Barrow (Ditch barrow), Lisduff, Co. Tipperary
Co. Tipperary |
Barrows
Beneath a stretch of flat, drained pasture in County Tipperary, at least ten ancient burial monuments lie completely invisible to anyone standing on the ground.
They give no sign of their presence: no mounds, no stones, no earthworks. The only way they have ever been seen is from the air, captured in a series of aerial photographs taken in 1966, in which the buried ditches show up as circular cropmarks, darker or lighter rings pressed into the growing vegetation by the soil disturbances left behind by prehistoric construction.
A ditch-barrow is, broadly speaking, a burial monument defined by a surrounding circular ditch rather than a raised outer bank. Where a classic ring-barrow would show both a ditch and an enclosing earthen bank, these features at Lisduff lack any clear evidence of the bank, which is why they have been classified differently. The group of at least ten, arranged in a roughly linear pattern and varying in size, almost certainly date to prehistory, and the largest of them sits at the north-eastern end of the alignment.
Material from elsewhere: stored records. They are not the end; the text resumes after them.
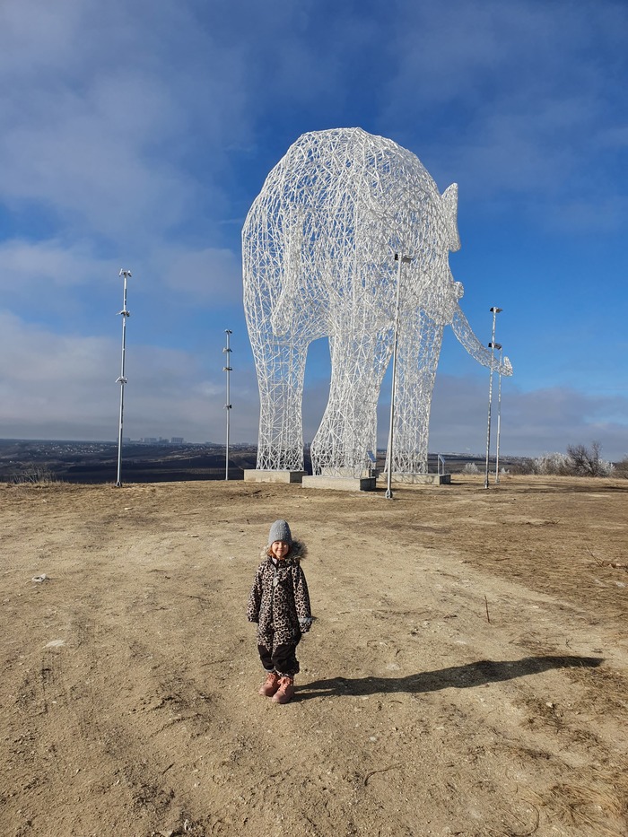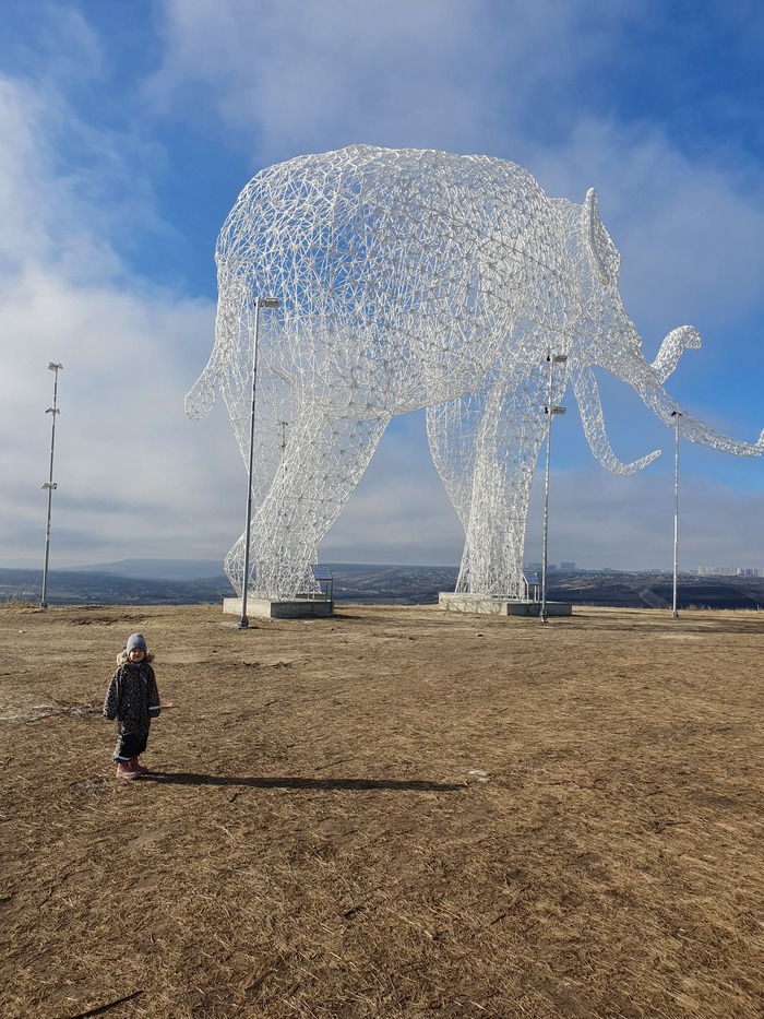 Недалеко от города был возведён этот арт-объект. Выбрал время и поехал с младшей доченькой посмотреть на мамонта. По нынешней погоде дорога не вызвала проблем для полноприводного автомобиля, но после дождя или снегопада думаю добраться до него будет хорошим приключением. Конструкция возведена на возвышенности, постоянно дует пронизывающий ветер, долго там находиться было невозможно. Сделал несколько фото и залез в машину греться.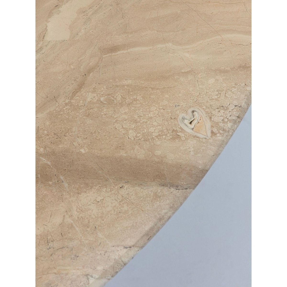 The tabletop is distinguished by a sophisticated, bevelled Platner-style edge, a detail synonymous with the highest level of mid-century design. This premium finish is complemented by an extraordinary feature: embedded within the travertine is the fossil of an ancient bivalve mollusc. By a remarkable feat of chance, the stone was perfectly sliced during its preparation, revealing a flawless and captivating heart-shaped cross-section. This beautiful accident of geology and craftsmanship elevates the piece from furniture to a work of natural art.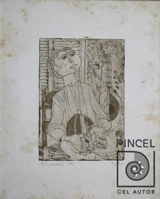 Autor Ranucci, Lucio Título Sin título Técnica GrabadoMetal Año 1976 Medidas 33 x 28 cm Temática Composición con figura Otros Datos Es la 4/20 Palabras Clave Hombre - Silla - Sentado - Espera - Instrumento musical - Música - Guitarra - Herramienta - Serrucho - Seriedad - Fuerza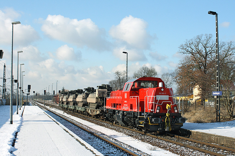 Kaum das das neue Jahr angefangen hatte, startete auch das GÜZ in die neue Manöversaison. Nachdem am 18.01.2013 die erste Übung des Jahres zuende war, holte 232 524 die Militärtechnik ab, aufgenommen beim Kopfmachen am späten Nachmittag vor der Weiterfahrt in Richtung Stendal. |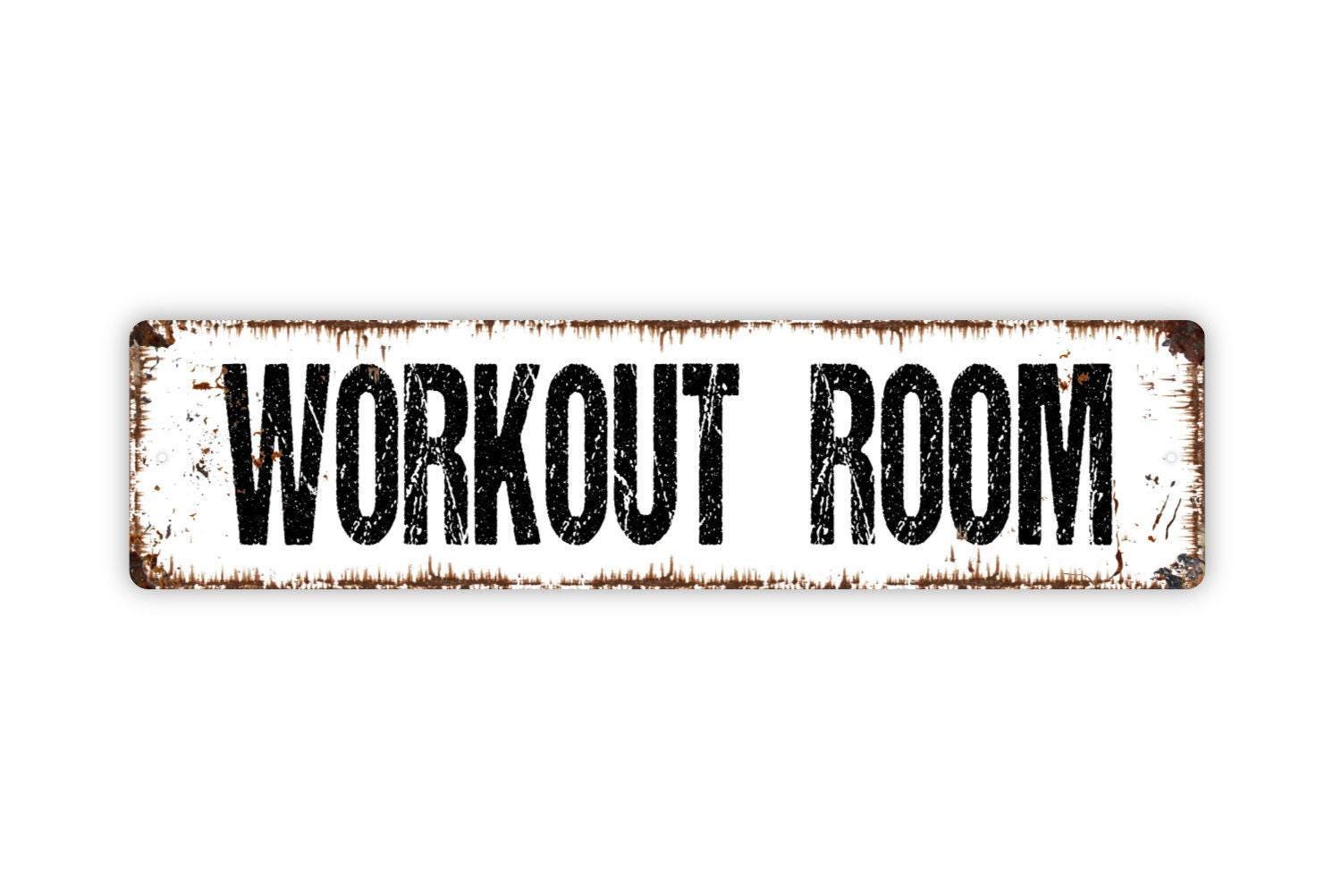 Workout Room Sign | Home Gym Fitness Wall Decor | Metal Sign or Vinyl Sticker for Exercise Room Garage Basement Studio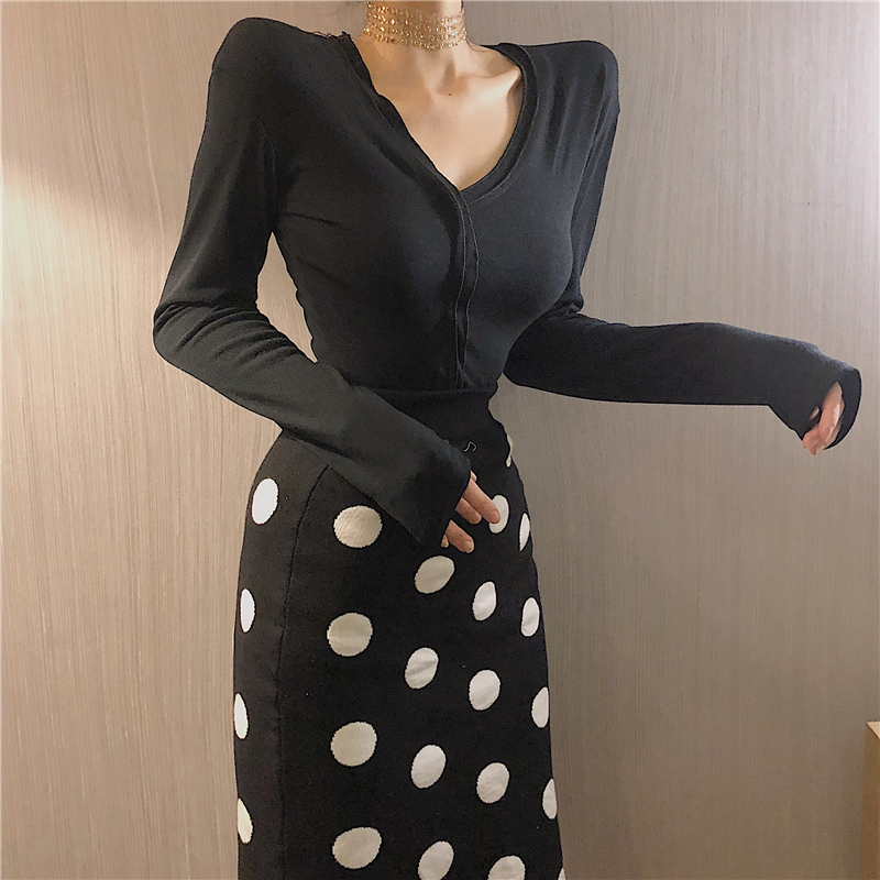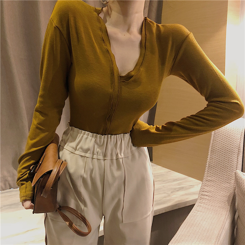 / 秋冬女裝新款chic簡約百搭V領小性感緊身長袖T恤修身內搭打底衫潮
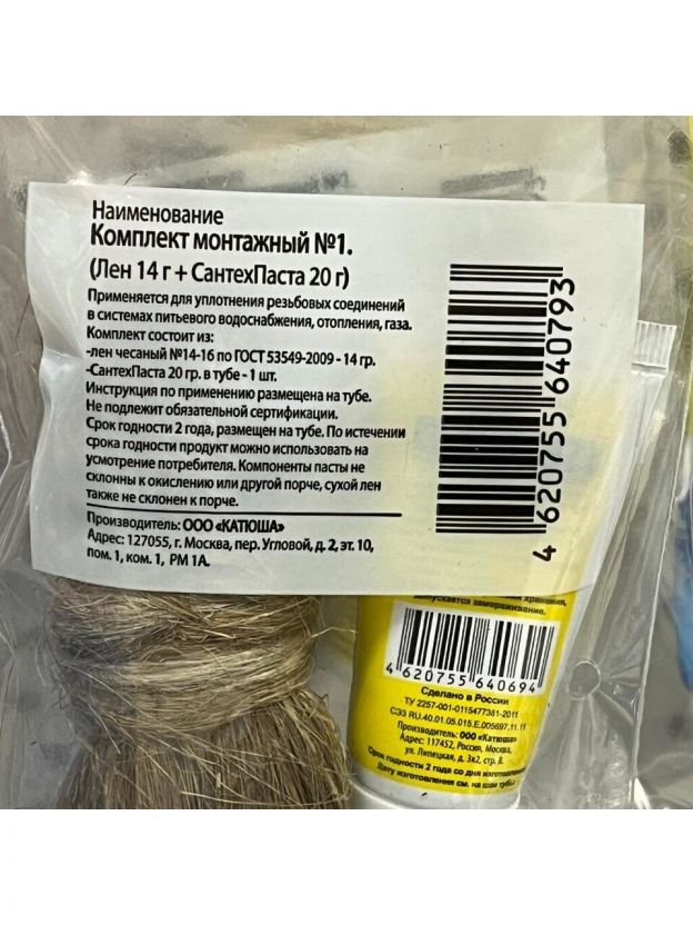 Набор уплотнительный 20 г, паста + лен 14 г, СантехКреп, 2.2.4

The land they occupy was originally marshy ground beside the Munster river to the south-east, and the drainage and reclamation that transformed it into serviceable pasture likely completed the destruction of whatever surface features once existed. Cropmarks visible in the 1966 photographs also suggest the remnants of a field system to the west of the barrow group, with further isolated ditch lines to the south and east, hinting that this was once a more structured, inhabited landscape than the open fields suggest today.